Stored data →
────

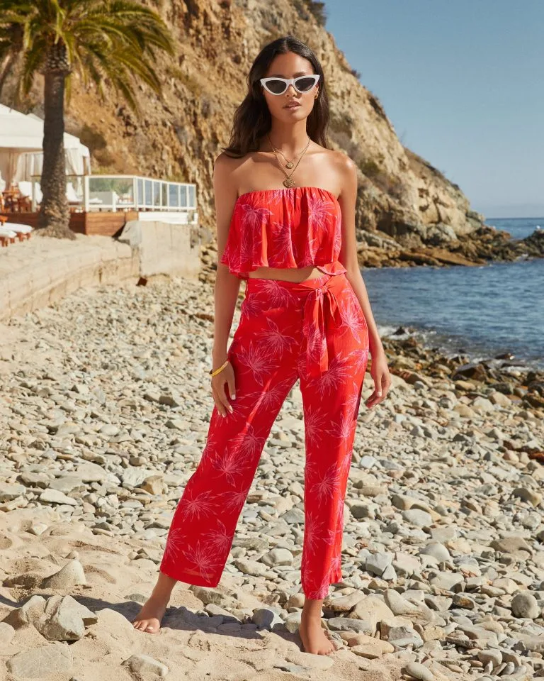 Nothing screams vacay more than a palm printed set! Our Maldives Floral Pocketed Tie Pants are is pink, magenta, and red. Designed with a high rise and an adjustable waist tie. Wear these pants with the matching top and sandals. Styled with the Iva Cat Eye Sunglasses, Gigi Double Coin Necklace, Glory Bangle Bracelet, Stella Crossbody Envelope Zip Clutch, and Maldives Floral Strapless Crop Top.
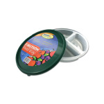 This three section food tray is tight sealing to seal in freshness and is microwaveable. There are three sections that make up the entire container. Two sections take up 1/4 of the container and one that takes up 1/2 of the container. It is circular and is 9" across and 1 1/2" tall.
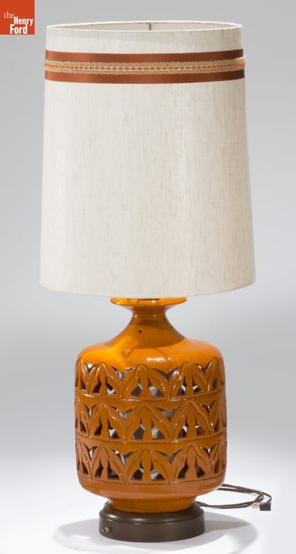 This lamp embodies the essence of 1970s middle-class taste. Its bright burnt umber base stands out -- probably competing with other boldly colored living room furnishings. The pierced and textured surface of the base lights up -- literally. Even the simple cylindrical shade with its multi-textured band and surface attracts attention -- adding more to a room filled with "more."
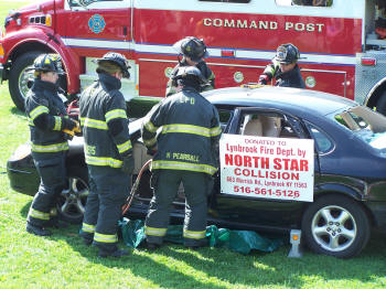 Lynbrook FD Demos at Annual Expo Story & photos by Ex Captain Steven Grogan Members of the Lynbrook Fire Department took part in the annual village Expo at Greis Park on Saturday, September 25, 2010. While the Fire Prevention Bureau used Elmont FD's smoke house to instruct youngsters on the proper procedure for escaping a fire in the home, members of the Extrication Team, using a vehicle donated by North Star Collision, demonstrated the use of its forcible entry and cutting equipment to remove doors and the roof from the vehicle. Additionally, Tally-Ho members demonstrated the use of the FFRED pack system from the Firefighter's Arch. Also, the members of Hose Company extingished a car that was set on fire in Wilcox Alley, and the Medical Company was at the park displaying their equipment and attempting to sign up new members.

────

Problem → From the first line of the material to the last, retype everything exactly except the images.

Solution below →
 Nothing screams vacay more than a palm printed set! Our Maldives Floral Pocketed Tie Pants are is pink, magenta, and red. Designed with a high rise and an adjustable waist tie. Wear these pants with the matching top and sandals. Styled with the Iva Cat Eye Sunglasses, Gigi Double Coin Necklace, Glory Bangle Bracelet, Stella Crossbody Envelope Zip Clutch, and Maldives Floral Strapless Crop Top.
 This three section food tray is tight sealing to seal in freshness and is microwaveable. There are three sections that make up the entire container. Two sections take up 1/4 of the container and one that takes up 1/2 of the container. It is circular and is 9" across and 1 1/2" tall.
 This lamp embodies the essence of 1970s middle-class taste. Its bright burnt umber base stands out -- probably competing with other boldly colored living room furnishings. The pierced and textured surface of the base lights up -- literally. Even the simple cylindrical shade with its multi-textured band and surface attracts attention -- adding more to a room filled with "more."
 Lynbrook FD Demos at Annual Expo Story & photos by Ex Captain Steven Grogan Members of the Lynbrook Fire Department took part in the annual village Expo at Greis Park on Saturday, September 25, 2010. While the Fire Prevention Bureau used Elmont FD's smoke house to instruct youngsters on the proper procedure for escaping a fire in the home, members of the Extrication Team, using a vehicle donated by North Star Collision, demonstrated the use of its forcible entry and cutting equipment to remove doors and the roof from the vehicle. Additionally, Tally-Ho members demonstrated the use of the FFRED pack system from the Firefighter's Arch. Also, the members of Hose Company extingished a car that was set on fire in Wilcox Alley, and the Medical Company was at the park displaying their equipment and attempting to sign up new members.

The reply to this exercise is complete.